Род лежит на кушетке, глядя в темноту и прислушиваясь к шуму никудышного мира за окном. Несчастные люди повсюду терзают друг друга, лгут и ругаются, воруют и дерутся. Плачут и творят мерзости. Поганые сукины сыны ничего поделать не могут. Уже засыпая, Род удивляется, откуда мелкая подлиза Нэнси О’Нил узнала, что его переводят в 6А-4. Всем учителям жопу лижет, всюду нос сует, подглядывает, околачивается в учительской после уроков, пыль вытирает, на подхвате, ябеда, подлиза и сучка!
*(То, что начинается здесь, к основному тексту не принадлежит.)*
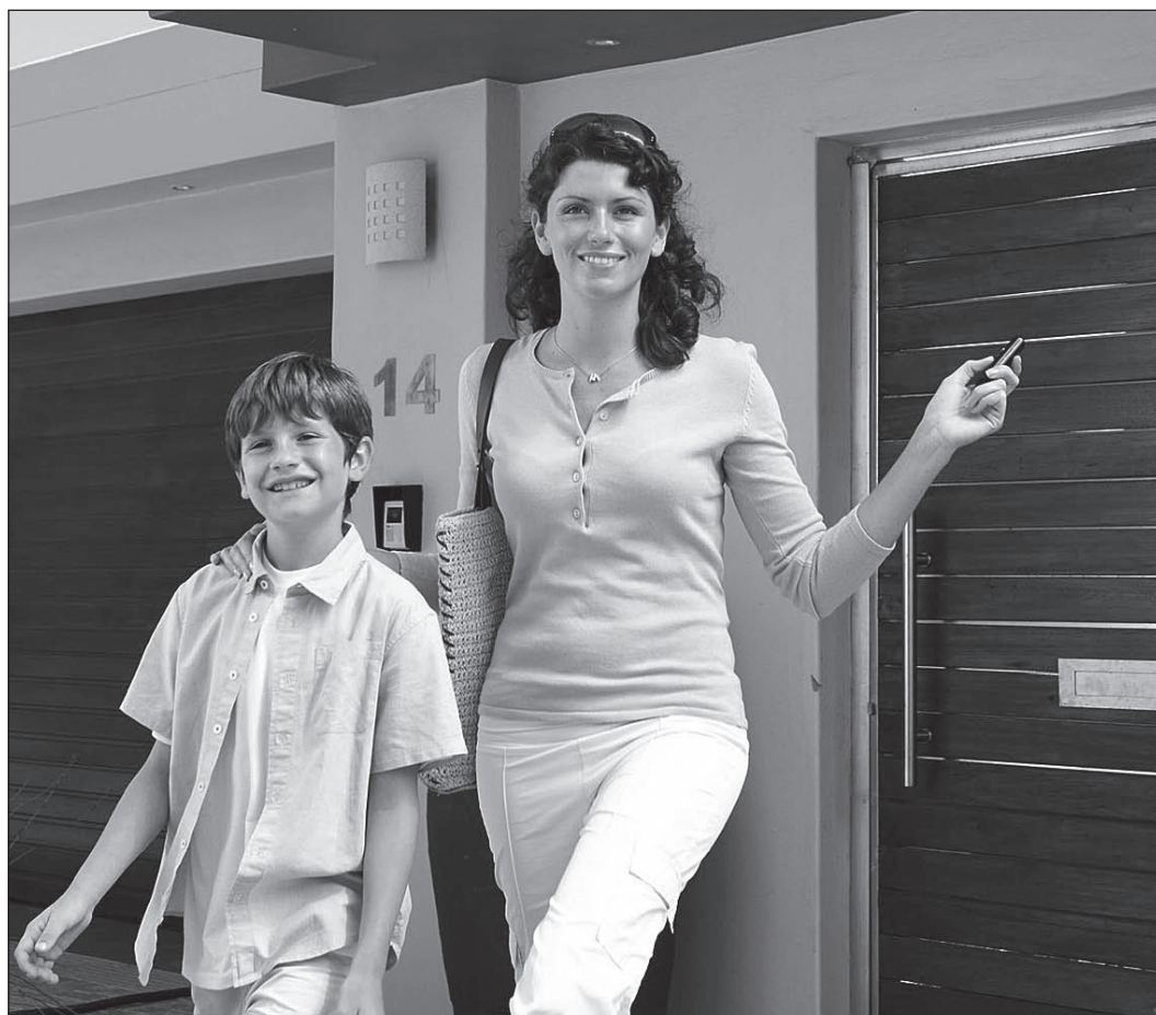
Ips/Bo. Komfort auf Knopfdruck – die Elektronik macht's möglich.

Telefon: 069 330001-0 bildnotruf@bsg-sicherheit.de www.bsg-sicherheit.de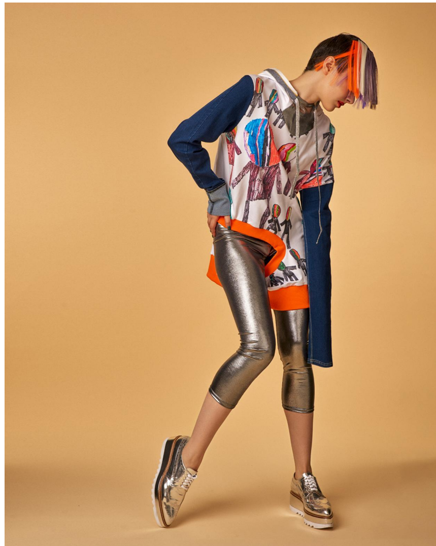
Название: Туника «Перспективы» с капюшоном Состав: хлопок 70%, полиэстер 30% Артикул: 8.170.02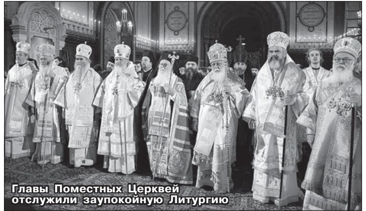
Главы Поместных Церквей отслужили заупокойную Литургию

До строительства и освящения Храма Христа Спасителя в Москве в 1996 году Елоховский собор был не только кафедральным московским, но и главным храмом всей страны. Именно здесь проходила в июне 1990 года интронизация Алексия II. Богоявленский собор в Елохове был построен в 1717-1722 годах. Храм никогда не закрывался, хотя в середине 1930-х годов был на грани закрытия. В 1933 году недалеко от собора размещалась канцелярия и резиденция Патриаршего Местоблюстителя митрополита Сергия. 2 июля 1938 года был закрыт собор Богоявления в Дорогомилово, после чего собор в Елохове стал патриаршим и кафедральным. Этот статус он сохраняет по сей день. Главная святыня собора – чудотворный образ Казанской иконы Богородицы, который был в ополчении князя Дмитрия Пожарского, освободившего Москву от захватчиков в 1612 году. Хранятся здесь и частицы мощей Николая Чудотворца, Андрея Первозванного, Серафима Саровского. Особое место в храме занимает рака с мощами Святейшего Алексия митрополита Московского, возглавлявшего Церковь в 14 веке. В честь этого святого был наречен в монашестве будущий Патриарх Алексий.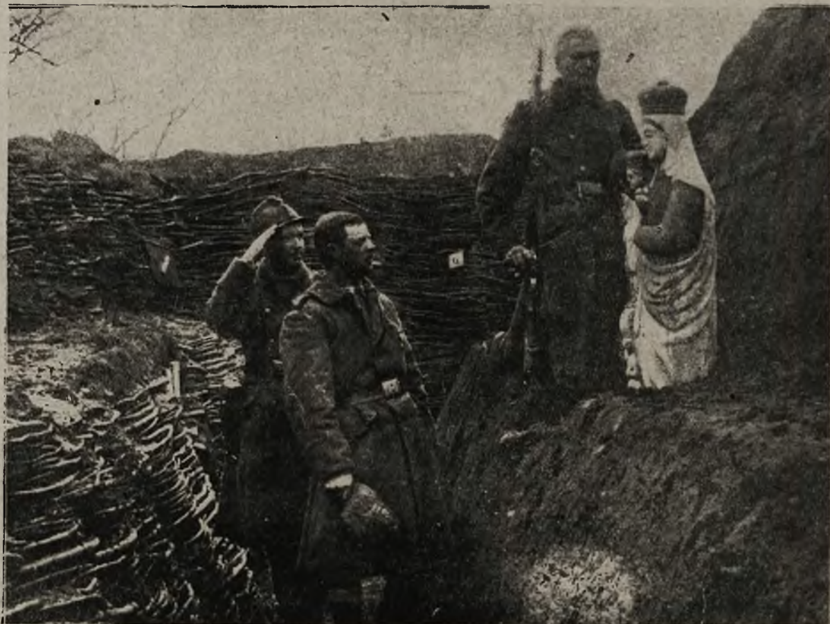
Nowa ofenzywa włoaka: Statua Matki Boskiej, słynąca cudami, w austriackim rowie strzeleckim na południowo-zachodnim froncie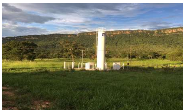
Sistema de Abastecimento de Água (Alto Paraguai)

Может, следовало быть посмелее тогда на пляже, схватить эту плаксу и маленькую зануду за копилку!
Копилка, копилка, копилка. Род только что выучил слово, новое, означает письку. Но оно не очень гадкое. Вроде как можно сказать вслух при девчонках — ну, почти. Копилка, копилка. Можно твою копилку потрогать? Можно твою копилку потрогать, Нэнси? Эта подлиза мелкая Роду типа нравится.
Двадцать пять
Как-то днем в субботу, выходя из кинотеатра, Род сталкивается с отцом — тот его поджидает. На секунду Род пугается. Бабуля ему сказала, чтобы не ходил больше в кино, нет, даже если до ста лет доживет, кино ему не на пользу, превращает его в слабоумного дегенерата и идиота, хотя, видит бог, с такой дубовой головой ему и так до идиота недалеко, ни для кого не секрет, что Род туповат. Но Род понимает, что отец ничего бабуле не скажет, — ему вообще с ней не о чем говорить, ей никак не узнать — не от отца, во всяком случае. Но Род знает, что бабуля может разведать другими способами, она же ведьма. Род знает.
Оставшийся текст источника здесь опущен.